Sequence attribution scores from seq2PRINT were further analysed to identify de novo motifs. TF-MoDISco (v.2.2.1) is used to align and cluster seqlets (local subsequences with high sequence attribution scores) into groups of de novo motifs. To assign these motifs to cCREs, the software finemo (v.0.40) was used, which takes the output de novo motifs from TF-MoDISco and the sequence attribution scores as input for motif matching.
Motif accessibility change in de novo motifs was calculated as described above, in which single-cell scores were averaged across all stem and progenitor cells in a given animal, P values computed by t-test compared with control animals and change was defined as the difference from the control animal average.

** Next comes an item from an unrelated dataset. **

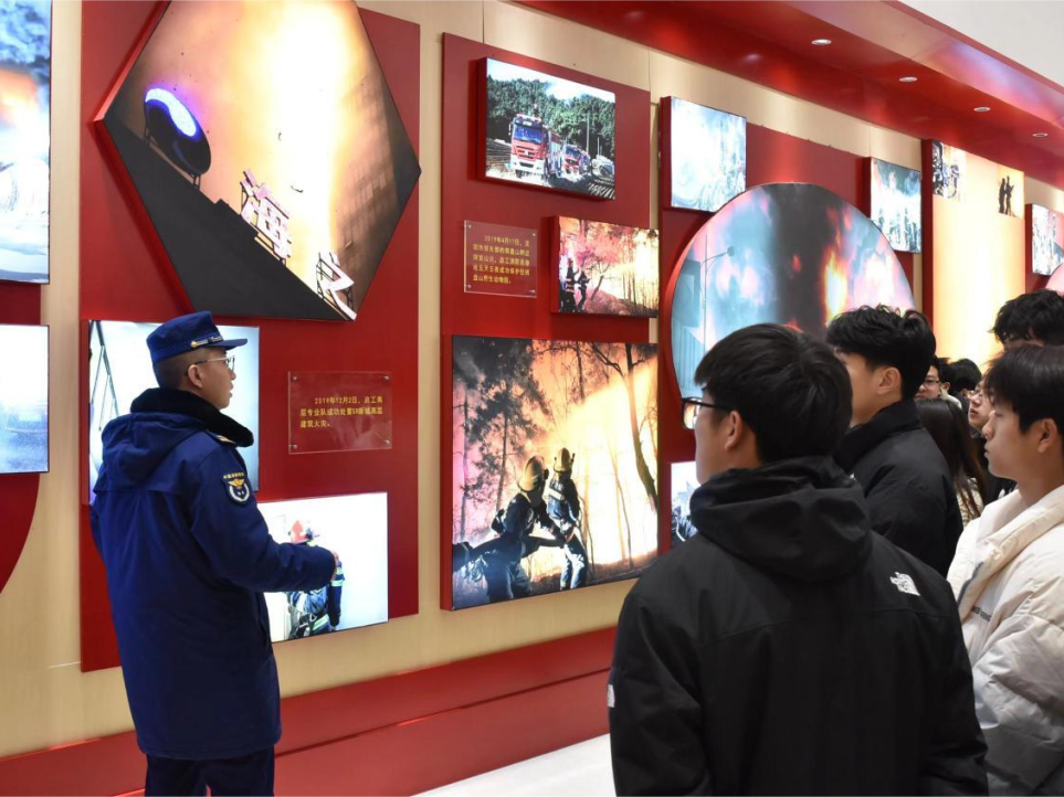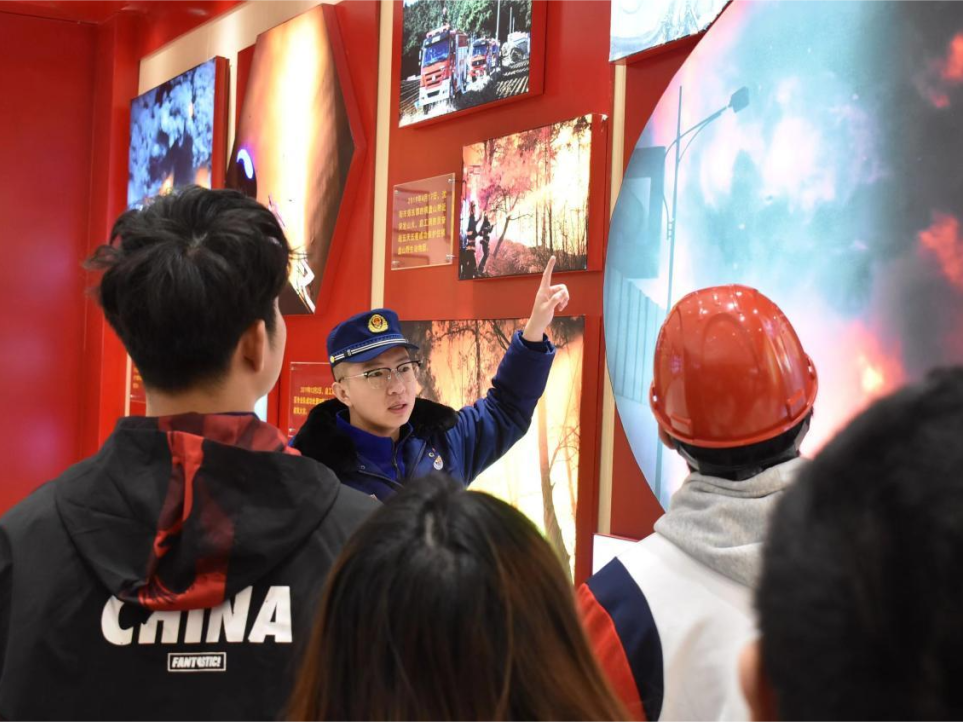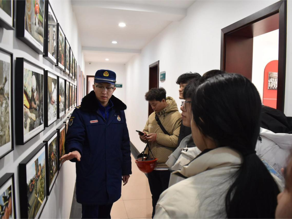 在队史馆,讲解员向同学们介绍了启工消防救援站的队伍发展、历任领导、光辉历程等情况。用一个个精彩生动的感人事迹全面反映启工消防从小到大、从无到有的成长历程。启工站先后被国务院、中央军委授予“英勇善战的消防铁军”荣誉称号,被中共中央授予“全国先进基层党组织”称号,是全国唯一一支两次被公安部授称、两次被应急管理部表彰的消防救援站,荣获全国学雷锋活动示范点,是全国消防救援队伍一面鲜艳的旗帜。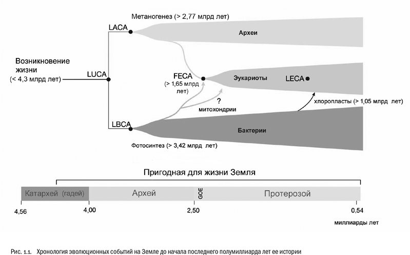 Автор обзора, бельгийский палеобиолог Эммануэль Жаво, иллюстрирует свою статью небольшим рисунком, где наглядно представлены важнейшие этапы ранней истории биосферы, наложенные на шкалу геологического времени. Я привел этот рисунок здесь (рис. 1.1), немного его упростив и переведя часть терминов с английского языка на русский.

To visualize how the seq2PRINT model learns the association between input DNA sequences and output multiscale footprints, we generated marginalized predictions (referred to as delta effects) for given motifs using the delta_effects_seq2print function from the scprinter package. Briefly, we randomly selected 10,000 CRE sequences, inserted the consensus sequence of a specific motif at the centre and averaged the difference in model predictions with and without the inserted motif across the 10,000 CREs.
In vitro binding score analysis
Sequencing data were processed using the bulk ATAC-seq pipeline described previously in ref. 46. All conditions were downsampled to an equivalent number of insertions in selected regions. Multiscale footprinting was performed using a one-sided binomial test, testing for depletion of insertions in centre versus flanking windows of varying radius lengths (2–100). To test for depletion and account for intrinsic Tn5 sequence preferences, expected insertions in centre and flanking windows were calculated using observed frequencies in a naked (no TF) control condition. As in PRINT46, binding scores represent −log[P] of depletion, relative binding score per locus was then calculated by dividing the binding score for each TF combination by the binding score for FOS and/or JUN at the same region. P values were calculated for each TF combination by a one-sample t-test against a μ value of 1, separately for all AP-1 only loci and all AP-1:FOX composite loci.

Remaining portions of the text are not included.